Из всех легионеров славного контуберния Фламма – единственный, кроме Приска, кто покинул военную службу. Однако Приск ушел из легиона с почетной отставкой до истечения срока службы (редкое исключение), вернул себе право пребывать в сословии всадников, после чего еще год отслужил префектом, а Фламму выставили из легиона по ранению. Никакой почетной отставки писцу при этом не полагалось. Но Фламма, похоже, и не переживал. Теперь он трудился в библиотеке на Форуме Траяна и был вполне счастлив судьбой. Во всяком случае, до сегодняшнего дня.

– Г-гай.. – пролепетал сидящий и сделал безуспешную попытку подняться.

– Что ты здесь делаешь?
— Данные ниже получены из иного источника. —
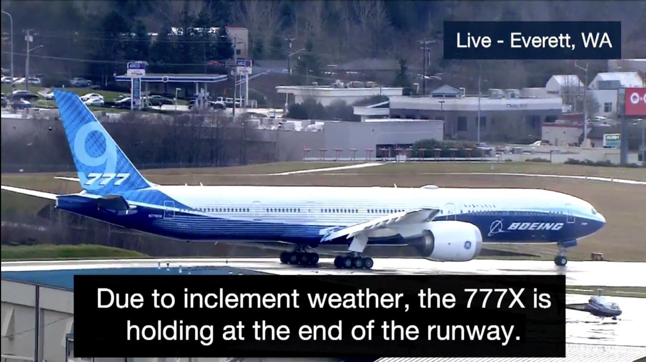 Уже менее, чем через 1,5 часа должен состояться первый полёт нового широкофюзеляжного самолёта Boeing 777Х, перенесённый со вчера по причине плохой погоды.

Ах да… ты же теперь служишь в библиотеке…

Фламма вдруг вытянул вперед левую руку, и Приск увидел, что она в крови.

– Тебя ранили? Этот тип? У «латинцев»? – встревожился старый товарищ. – Тот, что напал на старика?

Фламма спешно закивал. Зубы его выбили громкую дробь.

– Ты потерял много крови… надо послать за лекарем…

– Лучше… домой… – выдавил Фламма. – А к-крови немного… п-просто… ну… от боли… так дрожу… А вообще, это царапина.

– Точно?

– Клянусь Геркулесом…

– Ну и отлично… Тогда можешь сказать, что произошло?

Фламма снова закивал.

– Так говори!

Приказ на бывшего легионера подействовал благотворно. Фламма перестал трястись и заговорил быстро и довольно связно:

– Я услышал крик и побежал к «латинцам». Вижу, какой-то сумасшедший выбрасывает из ниш свитки на пол. А старик наш – Паук – на него орет. А потом взял и замахнулся стилем. Я оглянуться не успел, как грабитель подскочил к Пауку, обхватил за шею, развернул и перерезал горло.

– Это ты ударил убийцу стилем?

– Я. Но он бросился на меня с кинжалом.

– Послушай, давай сделаем так. Я тут с Мевией и ее сыном Марком. Я пошлю Марка за наемной лектикой [19], доставим тебя…

– К тебе домой… – вдруг сказал Фламма, и его опять затрясло. – Только к тебе домой пусть отнесут. Больше никуда.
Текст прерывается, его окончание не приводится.